Within the industrial sector, manufacturing GVA shrugged off a disappointing FY23 and grew by 9.9 per cent in FY24, as manufacturing activities benefitted from reduced input prices while catering to stable domestic demand. Similarly, construction activities displayed increased momentum and registered a growth of 9.9 per cent in FY24 due to the infrastructure build out and buoyant commercial and residential real estate demand, the survey said.

Coming to the banking sector, the survey said with the cleaner balance sheets and adequate capital buffers, the banking and financial sector is well-positioned to cater to the growing financing needs of investment demand. “Credit disbursal by scheduled commercial banks (SCBs) to industrial micro, small and medium enterprises (MSMEs) and services continues to grow in double digits despite a higher base. Similarly, personal loans for housing have surged, corresponding to the increase in housing demand.”

As the NDA government’s focus has been on capital expenditure as an engine for growth and job creation, the capital expenditure for FY24 stood at Rs 9.5 lakh crore, an increase of 28.2 per cent on a year-on-year basis, and was 2.8 times the level of FY20. The government’s thrust on capex has been a “critical driver of economic growth amidst an uncertain and challenging global environment.” 

Spending in sectors such as road transport and highways, railways, defence services, and telecommunications delivers higher and longer impetuses to growth by addressing logistical bottlenecks and expanding productive capacities. The survey says it is also incumbent upon the private sector to take forward the momentum in capital formation on its own and in partnership with the government. 

The survey points out that India’s social welfare approach has undergone a shift from an input-based approach to outcome-based empowerment.

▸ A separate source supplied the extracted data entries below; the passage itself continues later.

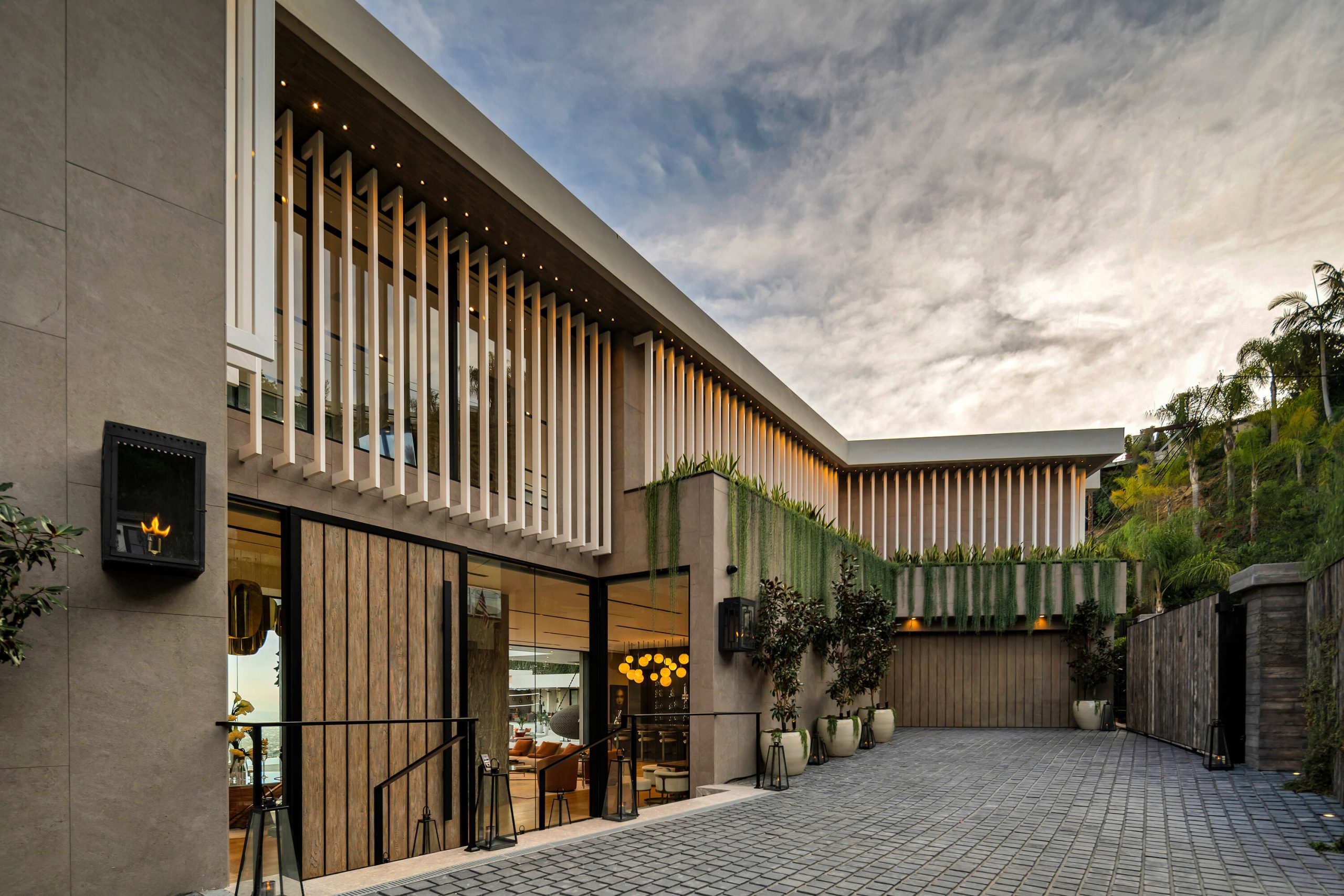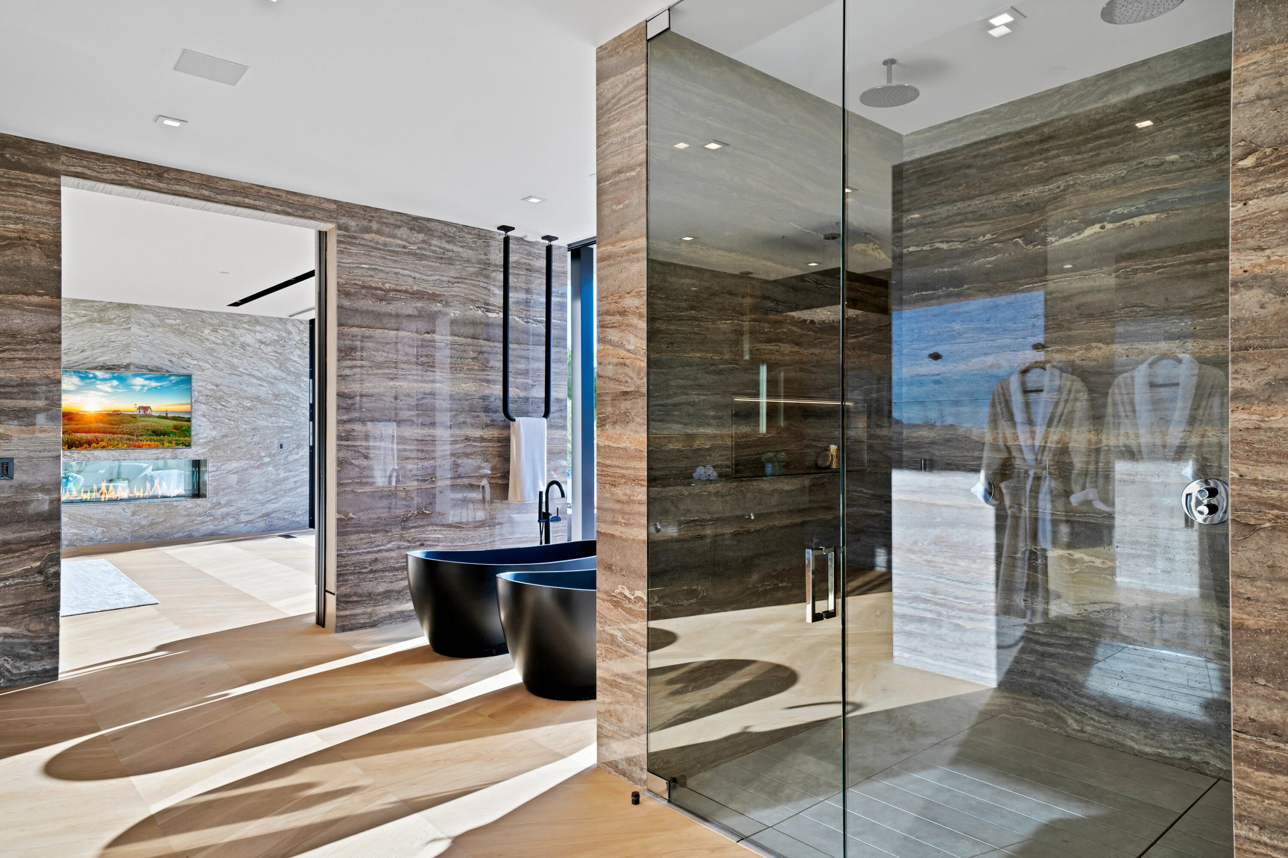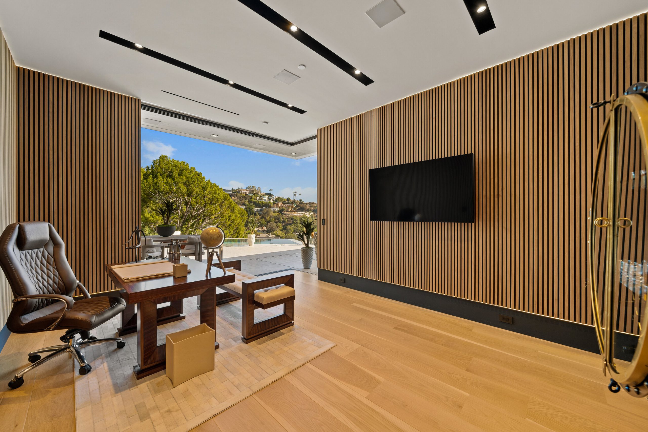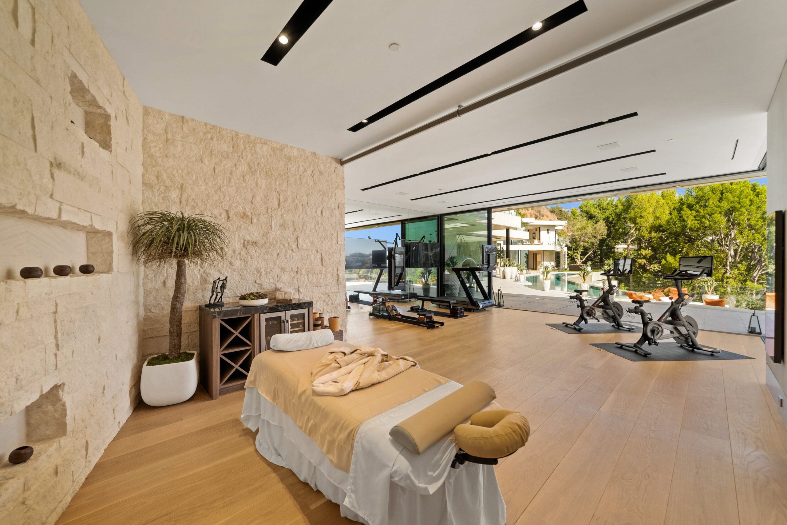 Seller accepts crypto! Conceived and executed with the modern mogul's ambition top of mind, this newly constructed palace offers sweeping, uninterrupted views of the canyon and Los Angeles skyline, spanning 500 feet of frontage in a coveted Bird Streets enclave. Enter beneath a bespoke chandelier and cascading fountains into a 13-foot living room anchored by layered stone fireplaces. The Arclinea kitchen opens to a European-inspired wine room illuminated by a sculptural pendant. Floor-to-ceiling glass panels dissolve the line between indoors and outdoors, revealing expansive terraces with an 18-foot sunken fire pit, a 100-foot infinity pool, a 30-person spa, and a sand volleyball court, each set against sweeping vistas. The primary suite serves as a private retreat, featuring a reading vestibule, a 1,500-square-foot balcony with Jacuzzi and fire features, dual dressing rooms, and a travertine-clad bath with twin soaking tubs and panoramic views. Tailored for both comfort and spectacle, the home also includes a command center-style office, a full screening room, a gym, hookah and meditation lounges, a panic room, a shoeshine station, and more. Designed with intent, the residence is as functional as it is striking. Revel in the pinnacle of modern elegance, all while being enveloped by some of Southern California's most breathtaking views.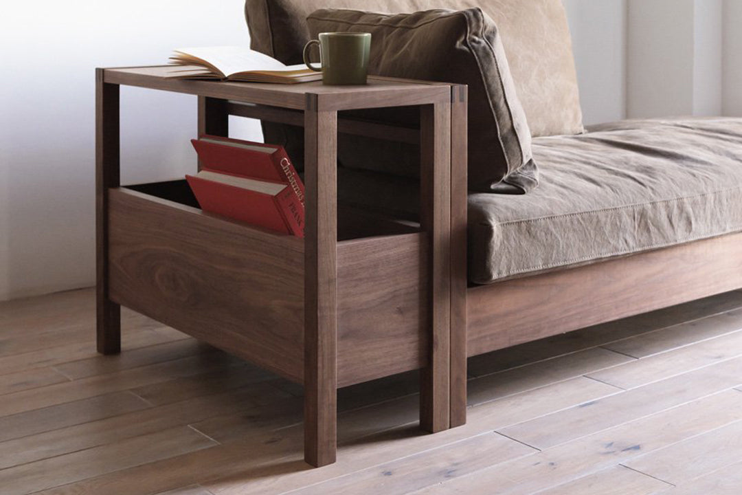 リポーゾソファの特徴的なフレームを踏襲した端正なつくりのリビングテーブル。天板と棚には天然木突板を、脚部と引出し前板に無垢材を使用し、木質感をたっぷりと感じていただけます。前後に引出しが一杯ずつ配されているため、オープン棚と合わせてリビング周りの収納を助けます。2サイズ展開。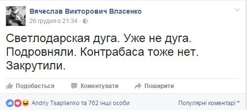 "Светлодарска дуга. Уже не дуга. Подравняли. Контрабаса тоже нет. Закрутили", - отметил.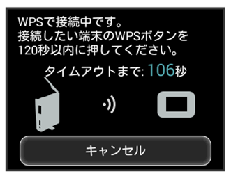 - 次の画面が表示されている間(120秒以内)に、アクセスポイント端末でWPS機能の接続設定を行う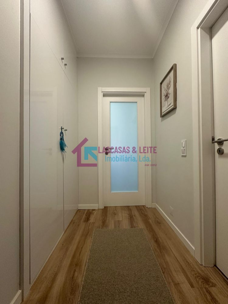 Ao entrar, encontra um hall de entrada com roupeiro embutido que dá acesso direto à casa de banho e à zona social. A sala em open space, integrada com a cozinha, oferece um ambiente moderno e acolhedor, perfeito para o dia a dia, bem como a uma prática lavandaria.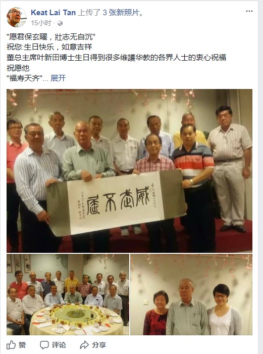 董总主席叶新田博士生日得到很多维护华教的各界人士的衷心祝福!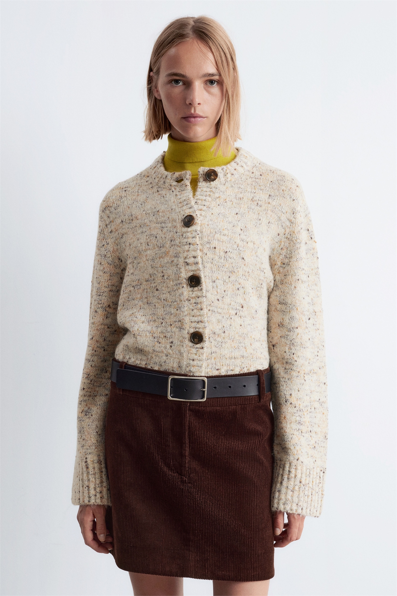 Кардиган вязаный из смеси шерсти и альпаки. Застегивается на пять пуговиц. • Ребристая горловина, манжеты и подол • 40% шерсти RWS TE-00047206 • 30% альпаки RAS TE-00047206 • Длина кардигана: 48 см / 18,9" (размер S)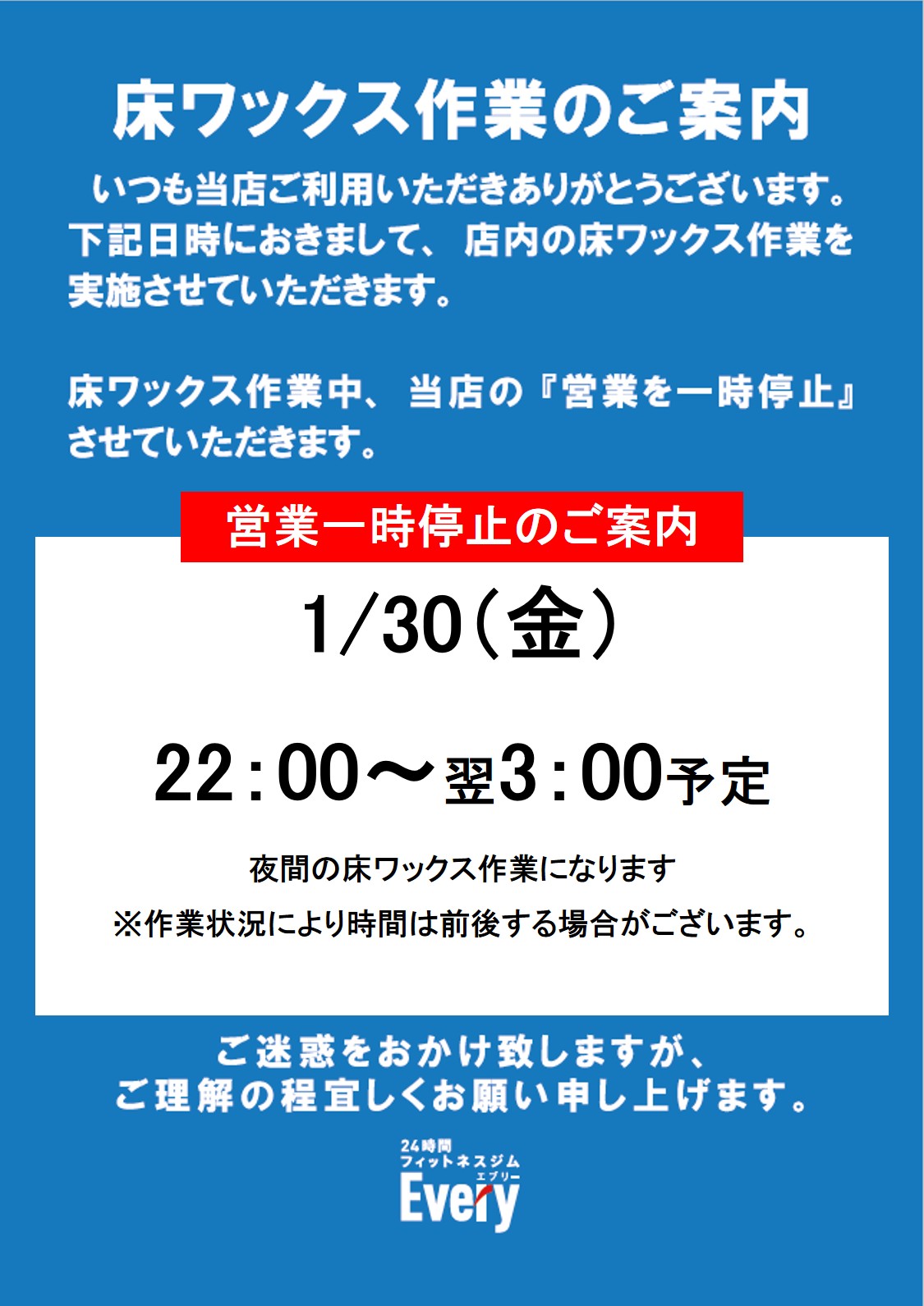 【松本村井店】床ワックス作業のご案内 | 2026年1月30日(金) 22:00~翌15:00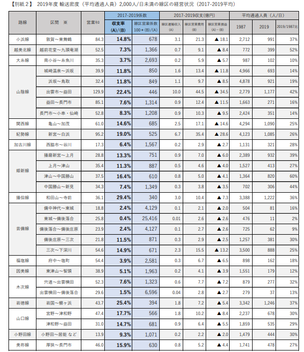 ・2017〜2019収支:-2.0億円(芸備線備中神代〜東城、小野田線)〜-34.5億円(山陰線出雲市〜益田)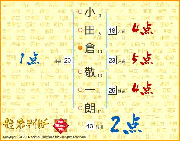小(3画)田(5画)倉(10画) 敬(13画)一(1画)朗(11画)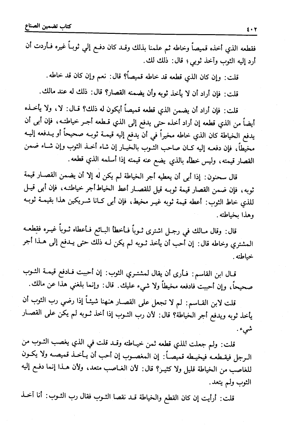 قُلْتُ لِابْنِ الْقَاسِمِ: لِمَ لَا تَجْعَلُ عَلَى الْقَصَّارِ هَاهُنَا شَيْئًا إذَا رَضِيَ رَبُّ الثَّوْبِ أَنْ يَأْخُذَ ثَوْبَهُ وَيَدْفَعَ أَجْرَ الْخِيَاطَةِ؟

Government initiatives like providing free-of-cost gas connections under PM Ujjwala Yojana, building toilets under the Swacch Bharat Mission, opening bank accounts under Jan Dhan Yojana, building pucca houses under PM-AWAS Yojana have improved capabilities and enhanced opportunities for the underprivileged sections. The approach also involves the targeted implementation of reforms for last-mile service delivery to truly realise the maxim of “no person left behind”, the survey added.

The Direct Benefit Transfer (DBT) scheme and Jan Dhan Yojana-Aadhaar-Mobile trinity have been boosters of fiscal efficiency and minimization of leakages, with Rs 36.9 lakh crore having been transferred via DBT since its inception in 2013.

Referring to the employment, the survey says, the all-India annual unemployment rate (persons aged 15 years and above, as per usual status) has been declining since the pandemic and this has been accompanied by a rise in the labour force participation rate and worker-to-population ratio. From the gender perspective, the female labour force participation rate has been rising for six years, i.e., from 23.3 per cent in 2017-18 to 37 per cent in 2022-23, driven mainly by the rising participation of rural women.